ACTIVITY → Reproduce the data exactly, leaving nothing out.
###
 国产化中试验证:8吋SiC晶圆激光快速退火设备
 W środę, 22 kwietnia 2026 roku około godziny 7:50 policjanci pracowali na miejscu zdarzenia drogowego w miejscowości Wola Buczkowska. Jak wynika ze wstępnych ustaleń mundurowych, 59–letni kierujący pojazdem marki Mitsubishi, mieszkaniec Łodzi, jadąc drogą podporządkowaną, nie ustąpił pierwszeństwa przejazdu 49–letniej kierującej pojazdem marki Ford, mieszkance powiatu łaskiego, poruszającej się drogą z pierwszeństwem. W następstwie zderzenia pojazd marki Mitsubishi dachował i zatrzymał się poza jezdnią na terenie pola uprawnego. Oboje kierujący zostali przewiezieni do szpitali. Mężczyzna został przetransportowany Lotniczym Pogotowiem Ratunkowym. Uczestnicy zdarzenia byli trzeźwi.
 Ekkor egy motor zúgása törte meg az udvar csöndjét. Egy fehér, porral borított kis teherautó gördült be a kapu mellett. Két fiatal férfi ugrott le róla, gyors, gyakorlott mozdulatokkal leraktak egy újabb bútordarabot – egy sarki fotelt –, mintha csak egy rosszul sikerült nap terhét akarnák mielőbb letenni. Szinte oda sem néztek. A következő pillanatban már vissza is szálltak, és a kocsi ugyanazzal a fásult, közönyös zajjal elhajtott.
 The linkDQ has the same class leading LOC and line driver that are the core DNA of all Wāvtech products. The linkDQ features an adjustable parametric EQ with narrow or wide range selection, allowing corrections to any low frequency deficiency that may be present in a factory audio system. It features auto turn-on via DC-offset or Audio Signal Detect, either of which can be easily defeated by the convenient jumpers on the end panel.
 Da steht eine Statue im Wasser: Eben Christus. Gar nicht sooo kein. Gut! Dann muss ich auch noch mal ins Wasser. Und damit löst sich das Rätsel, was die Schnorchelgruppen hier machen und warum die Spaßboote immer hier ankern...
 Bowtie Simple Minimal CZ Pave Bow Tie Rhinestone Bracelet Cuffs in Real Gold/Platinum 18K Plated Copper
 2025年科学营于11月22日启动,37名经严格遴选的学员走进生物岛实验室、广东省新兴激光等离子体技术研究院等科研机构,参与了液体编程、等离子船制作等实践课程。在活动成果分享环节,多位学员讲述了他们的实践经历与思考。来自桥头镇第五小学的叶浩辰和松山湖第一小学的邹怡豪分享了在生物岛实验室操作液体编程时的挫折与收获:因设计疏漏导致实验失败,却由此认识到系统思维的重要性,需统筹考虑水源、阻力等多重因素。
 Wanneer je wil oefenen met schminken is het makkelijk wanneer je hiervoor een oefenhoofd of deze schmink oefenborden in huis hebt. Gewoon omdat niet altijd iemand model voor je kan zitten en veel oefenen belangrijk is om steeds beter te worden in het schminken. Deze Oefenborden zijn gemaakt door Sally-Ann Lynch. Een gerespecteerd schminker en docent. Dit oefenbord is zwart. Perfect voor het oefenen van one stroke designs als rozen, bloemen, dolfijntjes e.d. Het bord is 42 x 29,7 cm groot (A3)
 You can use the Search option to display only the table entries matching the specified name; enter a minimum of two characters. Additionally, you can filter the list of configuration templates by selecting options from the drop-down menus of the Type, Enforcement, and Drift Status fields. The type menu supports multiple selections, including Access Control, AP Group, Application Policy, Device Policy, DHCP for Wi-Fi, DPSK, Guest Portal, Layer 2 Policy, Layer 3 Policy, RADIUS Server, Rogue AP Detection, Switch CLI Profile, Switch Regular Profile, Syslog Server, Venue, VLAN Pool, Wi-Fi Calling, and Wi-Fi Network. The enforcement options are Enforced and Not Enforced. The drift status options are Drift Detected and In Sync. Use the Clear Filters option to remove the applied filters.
###
REPLY TO THE EXERCISE →
 国产化中试验证:8吋SiC晶圆激光快速退火设备
 W środę, 22 kwietnia 2026 roku około godziny 7:50 policjanci pracowali na miejscu zdarzenia drogowego w miejscowości Wola Buczkowska. Jak wynika ze wstępnych ustaleń mundurowych, 59–letni kierujący pojazdem marki Mitsubishi, mieszkaniec Łodzi, jadąc drogą podporządkowaną, nie ustąpił pierwszeństwa przejazdu 49–letniej kierującej pojazdem marki Ford, mieszkance powiatu łaskiego, poruszającej się drogą z pierwszeństwem. W następstwie zderzenia pojazd marki Mitsubishi dachował i zatrzymał się poza jezdnią na terenie pola uprawnego. Oboje kierujący zostali przewiezieni do szpitali. Mężczyzna został przetransportowany Lotniczym Pogotowiem Ratunkowym. Uczestnicy zdarzenia byli trzeźwi.
 Ekkor egy motor zúgása törte meg az udvar csöndjét. Egy fehér, porral borított kis teherautó gördült be a kapu mellett. Két fiatal férfi ugrott le róla, gyors, gyakorlott mozdulatokkal leraktak egy újabb bútordarabot – egy sarki fotelt –, mintha csak egy rosszul sikerült nap terhét akarnák mielőbb letenni. Szinte oda sem néztek. A következő pillanatban már vissza is szálltak, és a kocsi ugyanazzal a fásult, közönyös zajjal elhajtott.
 The linkDQ has the same class leading LOC and line driver that are the core DNA of all Wāvtech products. The linkDQ features an adjustable parametric EQ with narrow or wide range selection, allowing corrections to any low frequency deficiency that may be present in a factory audio system. It features auto turn-on via DC-offset or Audio Signal Detect, either of which can be easily defeated by the convenient jumpers on the end panel.
 Da steht eine Statue im Wasser: Eben Christus. Gar nicht sooo kein. Gut! Dann muss ich auch noch mal ins Wasser. Und damit löst sich das Rätsel, was die Schnorchelgruppen hier machen und warum die Spaßboote immer hier ankern...
 Bowtie Simple Minimal CZ Pave Bow Tie Rhinestone Bracelet Cuffs in Real Gold/Platinum 18K Plated Copper
 2025年科学营于11月22日启动,37名经严格遴选的学员走进生物岛实验室、广东省新兴激光等离子体技术研究院等科研机构,参与了液体编程、等离子船制作等实践课程。在活动成果分享环节,多位学员讲述了他们的实践经历与思考。来自桥头镇第五小学的叶浩辰和松山湖第一小学的邹怡豪分享了在生物岛实验室操作液体编程时的挫折与收获:因设计疏漏导致实验失败,却由此认识到系统思维的重要性,需统筹考虑水源、阻力等多重因素。
 Wanneer je wil oefenen met schminken is het makkelijk wanneer je hiervoor een oefenhoofd of deze schmink oefenborden in huis hebt. Gewoon omdat niet altijd iemand model voor je kan zitten en veel oefenen belangrijk is om steeds beter te worden in het schminken. Deze Oefenborden zijn gemaakt door Sally-Ann Lynch. Een gerespecteerd schminker en docent. Dit oefenbord is zwart. Perfect voor het oefenen van one stroke designs als rozen, bloemen, dolfijntjes e.d. Het bord is 42 x 29,7 cm groot (A3)
 You can use the Search option to display only the table entries matching the specified name; enter a minimum of two characters. Additionally, you can filter the list of configuration templates by selecting options from the drop-down menus of the Type, Enforcement, and Drift Status fields. The type menu supports multiple selections, including Access Control, AP Group, Application Policy, Device Policy, DHCP for Wi-Fi, DPSK, Guest Portal, Layer 2 Policy, Layer 3 Policy, RADIUS Server, Rogue AP Detection, Switch CLI Profile, Switch Regular Profile, Syslog Server, Venue, VLAN Pool, Wi-Fi Calling, and Wi-Fi Network. The enforcement options are Enforced and Not Enforced. The drift status options are Drift Detected and In Sync. Use the Clear Filters option to remove the applied filters.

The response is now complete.